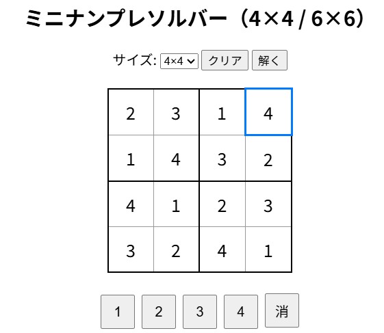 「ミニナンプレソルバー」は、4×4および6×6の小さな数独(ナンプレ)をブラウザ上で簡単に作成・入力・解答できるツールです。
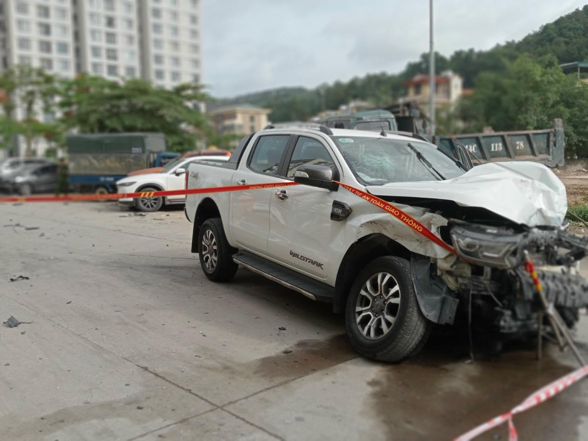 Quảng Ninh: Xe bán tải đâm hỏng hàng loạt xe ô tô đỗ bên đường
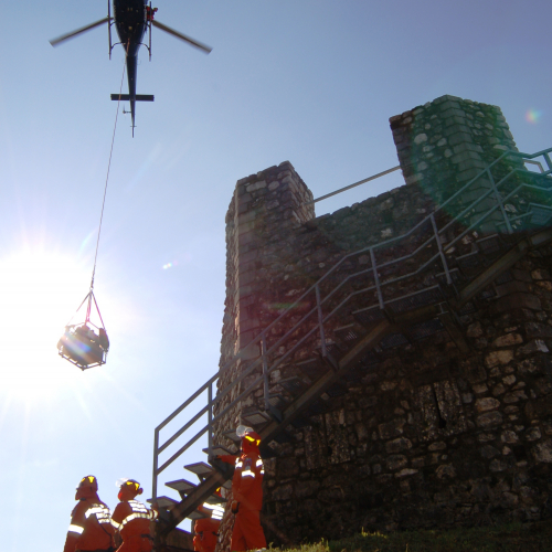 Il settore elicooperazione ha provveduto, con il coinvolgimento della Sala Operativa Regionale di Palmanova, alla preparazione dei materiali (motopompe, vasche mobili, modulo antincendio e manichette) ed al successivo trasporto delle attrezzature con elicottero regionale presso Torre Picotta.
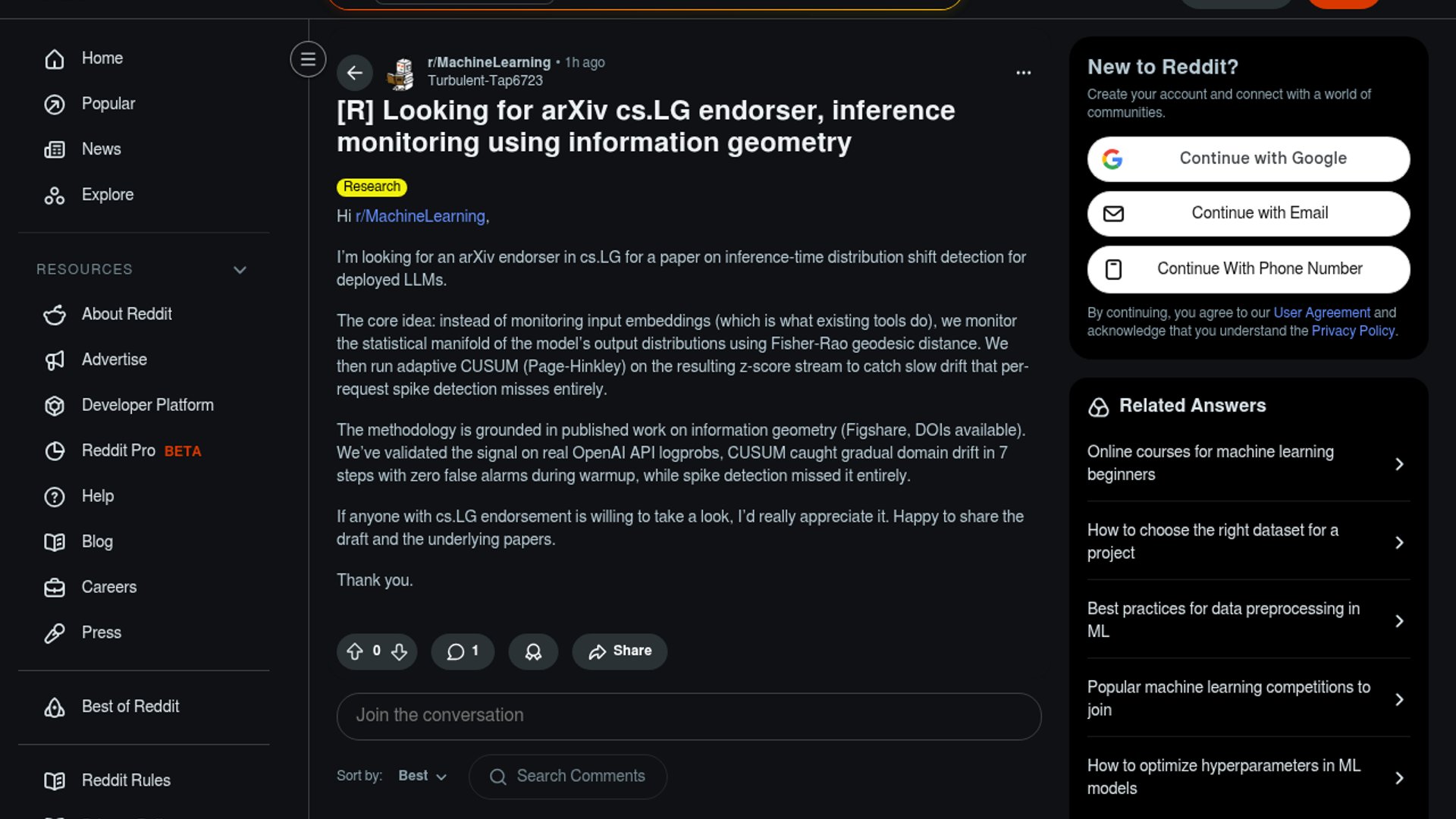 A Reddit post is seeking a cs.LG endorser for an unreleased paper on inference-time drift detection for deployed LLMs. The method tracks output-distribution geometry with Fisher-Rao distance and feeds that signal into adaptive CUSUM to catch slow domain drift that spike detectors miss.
□ □ □ □ □ □ □
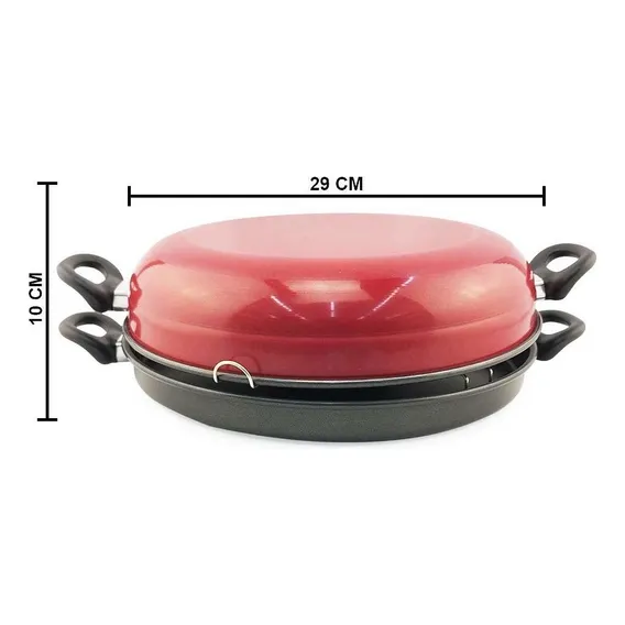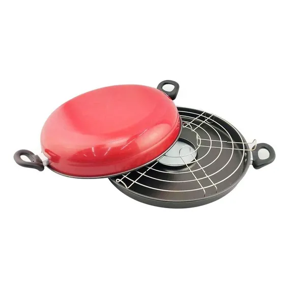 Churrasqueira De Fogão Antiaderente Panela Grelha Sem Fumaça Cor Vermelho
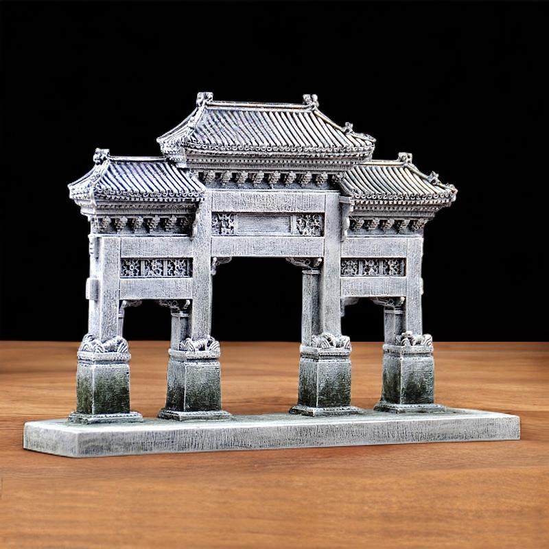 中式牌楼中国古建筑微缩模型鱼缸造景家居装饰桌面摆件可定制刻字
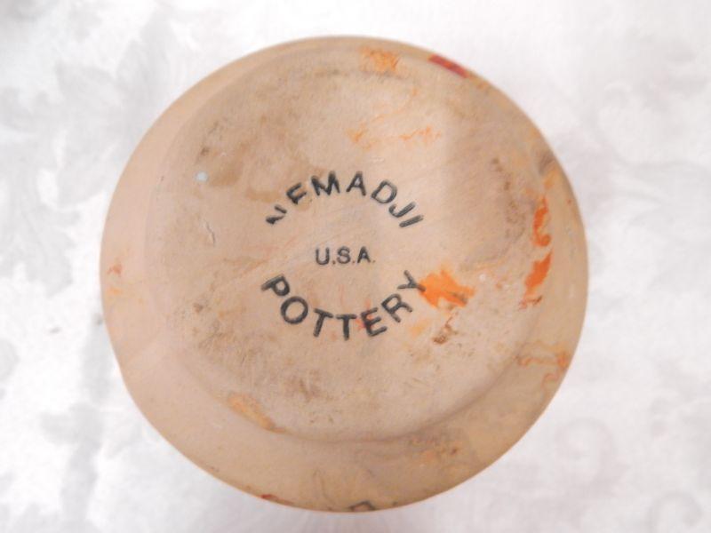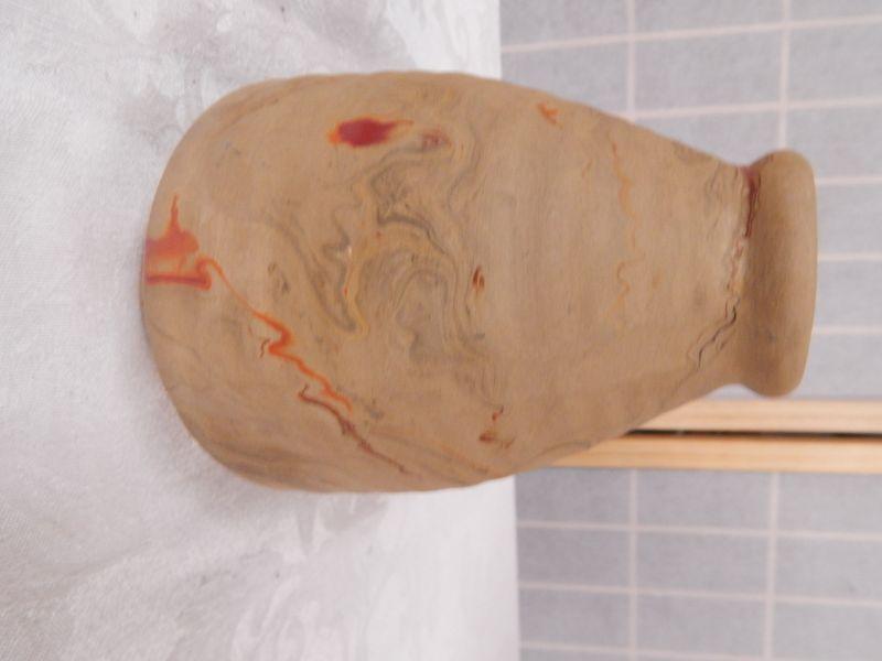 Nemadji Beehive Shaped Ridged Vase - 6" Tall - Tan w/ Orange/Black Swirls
□ □ □ □ □ □ □
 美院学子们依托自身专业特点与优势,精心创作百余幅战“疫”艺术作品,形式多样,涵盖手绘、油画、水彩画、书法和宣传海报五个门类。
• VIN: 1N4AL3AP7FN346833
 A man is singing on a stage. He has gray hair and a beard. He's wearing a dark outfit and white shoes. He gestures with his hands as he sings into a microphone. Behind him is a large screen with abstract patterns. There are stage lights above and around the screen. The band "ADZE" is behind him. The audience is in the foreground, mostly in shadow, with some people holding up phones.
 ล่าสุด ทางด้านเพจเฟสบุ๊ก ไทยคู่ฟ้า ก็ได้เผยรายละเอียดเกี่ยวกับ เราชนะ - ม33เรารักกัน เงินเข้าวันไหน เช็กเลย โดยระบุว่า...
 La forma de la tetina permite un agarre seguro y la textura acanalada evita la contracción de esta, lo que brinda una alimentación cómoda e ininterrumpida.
□ □ □ □ □ □ □
= Exercise aim =
From the line containing "ล่าสุด ทางด้านเพจเฟสบุ๊ก ไทยคู่ฟ้า" down to the line containing "La forma de" in the material above, reproduce every line exactly, including the two end lines.

= Exercise output =
 ล่าสุด ทางด้านเพจเฟสบุ๊ก ไทยคู่ฟ้า ก็ได้เผยรายละเอียดเกี่ยวกับ เราชนะ - ม33เรารักกัน เงินเข้าวันไหน เช็กเลย โดยระบุว่า...
 La forma de la tetina permite un agarre seguro y la textura acanalada evita la contracción de esta, lo que brinda una alimentación cómoda e ininterrumpida.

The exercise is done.